On Wednesday, I went to the morning workout with Coach Jen. I’ll be an assistant coach for that group when the spring triathlon training starts up, so I thought I’d get back in the time habit by going (I coached a bike workout last week in her absence, so Wednesday was actually my second time). I love the daytime group.
Taking Care of that Hamstring
Anyway, it was a run workout that involved repeats of some very minor hill work plus a quicker pace on a loop portion. What I found was that the minute I got out on the road on a short run with other people where pace was important, I worked to run faster (yes, I am actually a very competitive person at workouts). And the minute I started to do that, my hamstring begain to ache. Not HURT but ache; we can debate the terminology all day, as I know I have a high pain threshold and will work through some things that other people wouldn’t–in any case, I pay attention to “ache” as much as “hurt.”

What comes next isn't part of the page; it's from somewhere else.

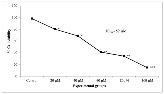 Effect of different doses of CA (20–100 µM) on the percentage cell viability of A549 lung cancer cells. Values presented as mean ± SE from independent duplicate experiments; n = 4. * p < 0.05, ** p < 0.01 and *** p < 0.001.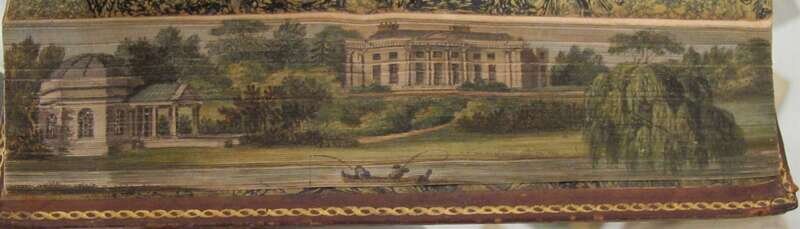 Fore-Edge Paintings: Rogers, Samuel. Poems. London, 1812. Sm 8vo, later purple straight-grained morocco, guilt prize bdg, a.e.g.; scuffed, joints rubbed. With fore-edge painting of Lambton Castle, Durham. * Goldsmith, Oliver. The Poems. London, 1819. 12mo, contemp gilt & blind-paneled calf, richly gilt spine compartments, a.e.g, morocco spine label; scuffed, joints rubbed. With additional engraved title & engraved part titles. Scattered light foxing. With fore-edge painting of Mr. Garrick's house.

Once it begins to ache, I know that after awhile (not long at all), that leg feels weak and I can tell that I am carrying it. The more fatigued it gets, the more it aches. I talked to Jen about it; she had a similar injury, and she said it takes a long time to get back. Obviously, as I push the pace, my stride opens up more which exacerbates the area. When I’m trail running, my stride stays shorter even when I’m working to run faster. Plus, I almost never run as fast on the trail as I do on the road unless I’m going downhill, where my biomechanics are different.
What can I learn from this? I have GOT to move away from distance on the road until I build my strength in that right hammie. Right now, I should do runs of about four miles on the road, no more, until I can pick up the pace at that distance without fatigue and ache.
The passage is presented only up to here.